Campbell Soup Company closing Toronto manufacturing facility

Campbell Soup Company announced  Jan. 24 plans to close its manufacturing facility in Toronto to improve the operational efficiency of its North American thermal supply chain network. Campbell will move its Canadian headquarters and commercial operations to a new location in the Greater Toronto area.

Several factors have resulted in excess capacity in Campbell’s North American thermal supply chain network, including significant productivity improvements and volume declines of canned soup in North America, the announcement said. Canadian soup and broth production will be consolidated into the company’s existing U.S. manufacturing network.

Opened in 1931, Toronto is the oldest plant in the Campbell thermal network. Due to its size and age, the Toronto plant cannot be retrofit in a way that is competitively viable, the company said.

Campbell plans to operate the Toronto facility for up to 18 months and will close it in phases, transitioning its production to three U.S. thermal plants in Maxton, North Carolina; Napoleon, Ohio; and Paris, Texas.

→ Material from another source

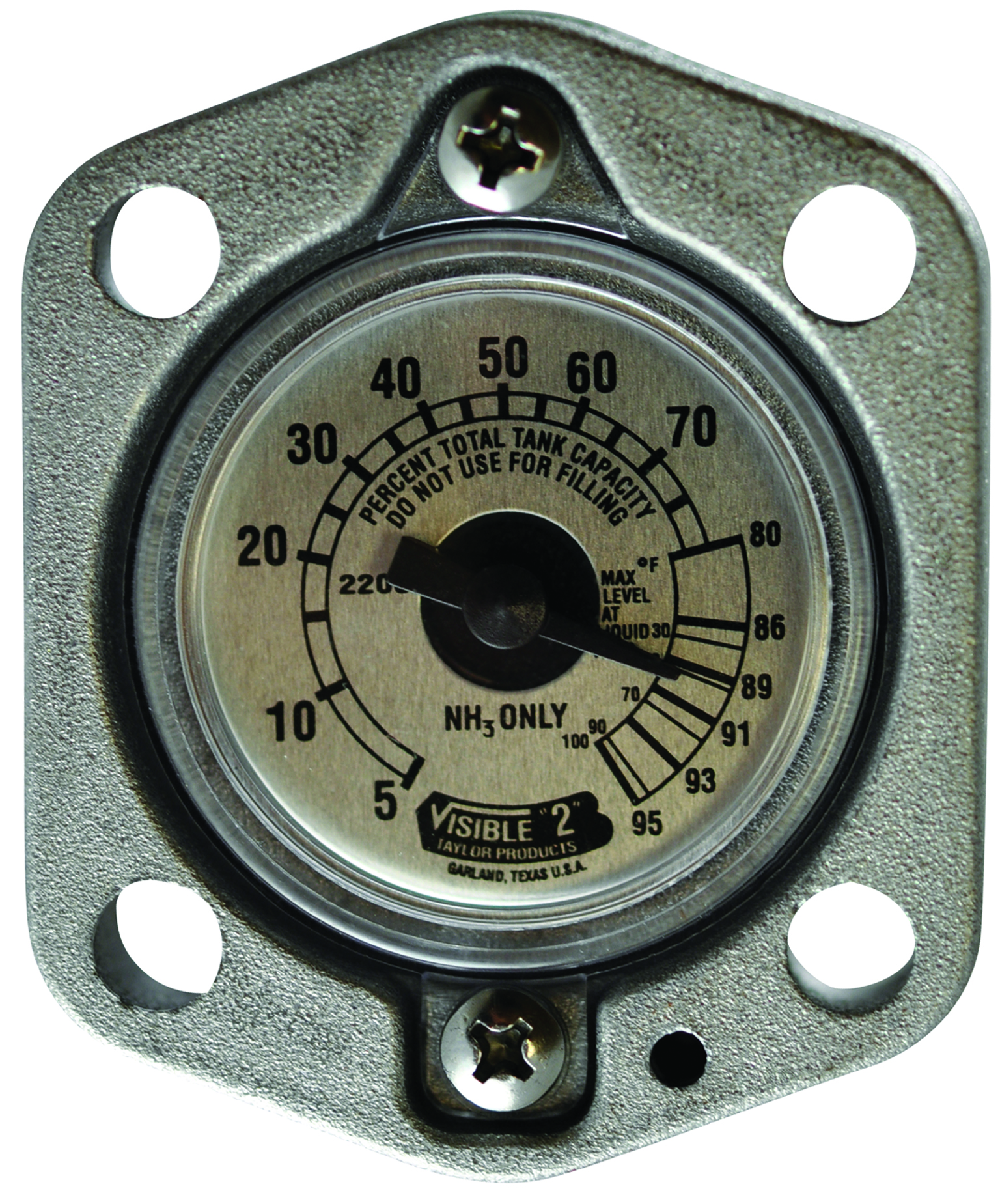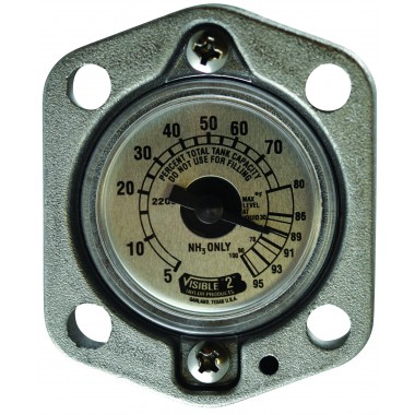 Float Gauges are designed to indicate the liquid level contents of NH3 Containers. These gauges mount in a Junior flanged coupling with a 2 1/32” diameter bolt circle.

Campbell employs nearly 600 people in Toronto including its headquarters, commercial operations and manufacturing functions. Approximately 380 manufacturing and manufacturing-related roles will be impacted.

Food & Beverage Canada launches

A new organization representing more than 1,500 food and beverage processing businesses in Canada was launched to work with governments and other stakeholders on industry priorities. The Ottawa-based “United to nourish the world,” Food & Beverage Canada (F&BC) will take a role in shaping public policy and industry actions, according to a press announcement.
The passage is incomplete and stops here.